-- Brief --
Below, some lines carry pictures; leave those pictures out and retype exactly the lines from the one with "Óculos de Sol" through the one with "38%,海豚君认为,或许和游戏、短剧相关的 IP 授权以及流水分成关系较大。".

-- Input for this task --
──────────────────────────────

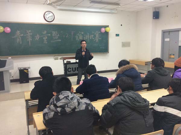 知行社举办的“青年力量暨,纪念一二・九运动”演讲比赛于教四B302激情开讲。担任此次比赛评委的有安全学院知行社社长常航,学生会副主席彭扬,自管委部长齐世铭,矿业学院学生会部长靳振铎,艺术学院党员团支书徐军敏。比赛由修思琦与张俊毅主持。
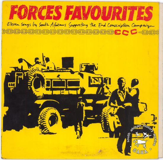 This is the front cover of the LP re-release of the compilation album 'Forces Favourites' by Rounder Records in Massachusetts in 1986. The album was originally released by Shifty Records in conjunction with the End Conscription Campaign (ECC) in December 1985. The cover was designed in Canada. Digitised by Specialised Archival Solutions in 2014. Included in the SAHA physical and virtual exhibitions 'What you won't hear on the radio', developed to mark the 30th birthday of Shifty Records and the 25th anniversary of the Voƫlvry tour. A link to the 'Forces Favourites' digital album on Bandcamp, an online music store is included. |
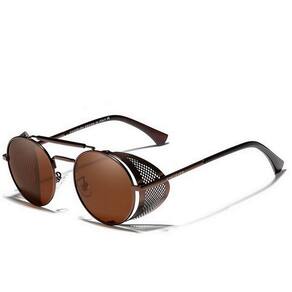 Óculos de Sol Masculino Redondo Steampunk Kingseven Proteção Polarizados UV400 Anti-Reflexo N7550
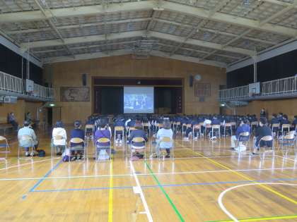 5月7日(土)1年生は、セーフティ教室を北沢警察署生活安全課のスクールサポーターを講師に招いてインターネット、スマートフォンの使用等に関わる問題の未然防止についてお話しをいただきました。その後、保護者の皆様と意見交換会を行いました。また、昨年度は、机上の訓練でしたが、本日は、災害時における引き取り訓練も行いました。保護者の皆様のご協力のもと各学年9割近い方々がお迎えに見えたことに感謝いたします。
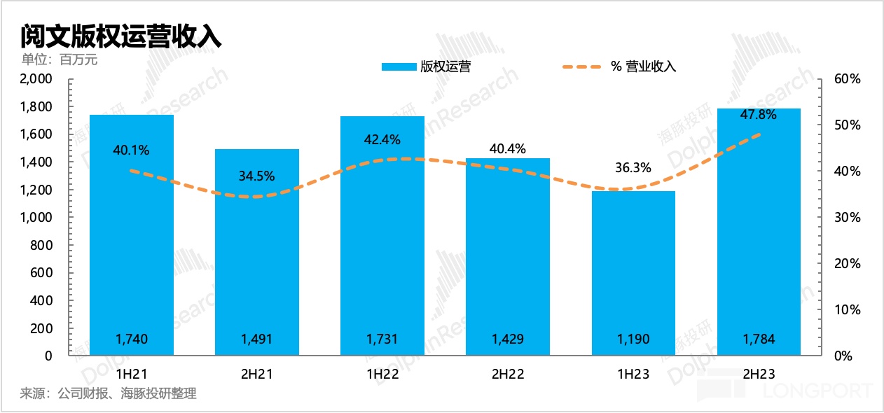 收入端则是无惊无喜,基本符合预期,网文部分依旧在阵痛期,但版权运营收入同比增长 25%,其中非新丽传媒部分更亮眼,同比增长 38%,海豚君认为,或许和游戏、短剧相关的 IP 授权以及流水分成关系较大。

──────────────────────────────

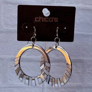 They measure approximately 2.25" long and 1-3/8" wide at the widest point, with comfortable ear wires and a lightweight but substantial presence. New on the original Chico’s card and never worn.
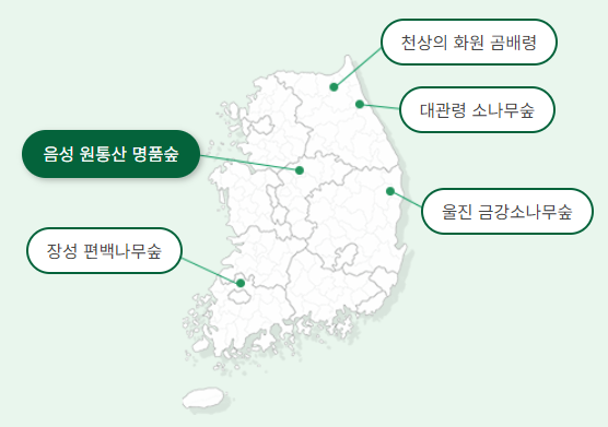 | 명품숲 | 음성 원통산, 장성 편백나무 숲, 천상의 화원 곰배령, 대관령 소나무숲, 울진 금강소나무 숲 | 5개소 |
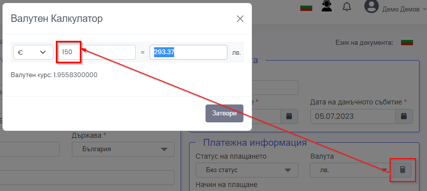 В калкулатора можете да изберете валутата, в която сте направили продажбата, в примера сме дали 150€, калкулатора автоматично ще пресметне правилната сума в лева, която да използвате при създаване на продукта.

──────────────────────────────

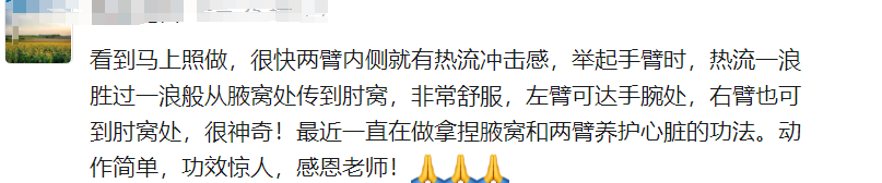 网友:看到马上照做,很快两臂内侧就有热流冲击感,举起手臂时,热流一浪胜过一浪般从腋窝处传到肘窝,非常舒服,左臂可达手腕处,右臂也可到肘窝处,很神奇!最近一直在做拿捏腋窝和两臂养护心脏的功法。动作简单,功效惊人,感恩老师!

──────────────────────────────

-- Answer section --
 Óculos de Sol Masculino Redondo Steampunk Kingseven Proteção Polarizados UV400 Anti-Reflexo N7550
 5月7日(土)1年生は、セーフティ教室を北沢警察署生活安全課のスクールサポーターを講師に招いてインターネット、スマートフォンの使用等に関わる問題の未然防止についてお話しをいただきました。その後、保護者の皆様と意見交換会を行いました。また、昨年度は、机上の訓練でしたが、本日は、災害時における引き取り訓練も行いました。保護者の皆様のご協力のもと各学年9割近い方々がお迎えに見えたことに感謝いたします。
 收入端则是无惊无喜,基本符合预期,网文部分依旧在阵痛期,但版权运营收入同比增长 25%,其中非新丽传媒部分更亮眼,同比增长 38%,海豚君认为,或许和游戏、短剧相关的 IP 授权以及流水分成关系较大。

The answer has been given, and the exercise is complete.